= Atlanta Eagle police raid =

2009 raid on US gay bar

The Atlanta Eagle police raid was a police raid targeting the Atlanta Eagle, a gay bar in Atlanta, Georgia, United States. The raid occurred on September 10, 2009, due to anonymous tips alleging that illegal drug use and sex was occurring at the bar. Several dozen officers were involved in the raid, including members of the Atlanta Police Department's vice squad and the "Red Dog Unit", a SWAT-like unit typically used in high drug use areas. None of the 62 bar patrons that night were arrested, although eight employees were. Seven of these employees were either found not guilty or had charges dropped against them, while one was not present at the trials and had a bench warrant issued against him.

During the raid, bar patrons and employees were subject to anti-gay slurs, derogatory language, and both threats of and actual physical violence.
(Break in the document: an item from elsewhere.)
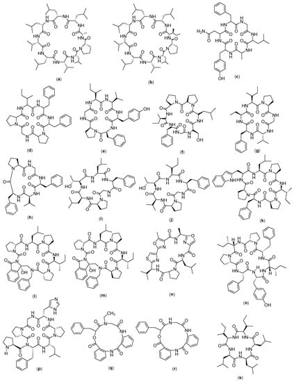 Structure of (a) Grifficyclocin B; (b) GG-8-6; (c) Dianthin A; (d) Dianthin B; (e) Dianthin C; (f) Dianthin D (g) Dianthin E; (h) Dianthin F; (i) Dianthin G; (j) Dianthin H; (k) Phakillestatin 6; (l) Analogs phakellistatin 6 (DLD-S); (m) Analogs phakellistatin 6 (LLD-S); (n) Leucamide; (o) Stylissatin A; (p) Stylissatin B; (q) Clavatustide A; (r) Clavatustide B; and (s) Clavatustide C.

Several lawsuits were later filed on behalf of patrons, alleging that their constitutional rights had been violated by the police. In the resulting court cases, which lasted until 2012, the city of Atlanta paid out over $1 million in settlements to the victims and instituted changes to police policies designed to prevent a similar situation from happening. Several involved officers were either reprimanded or fired and the Red Dog Unit was disbanded and replaced with another unit. Additionally, Atlanta chief of police Richard Pennington, already under pressure, resigned shortly after the raid. In 2015, the city was subject to further legal action after the police were found to have reverted some of the court-ordered changes they had been required to make following the trials.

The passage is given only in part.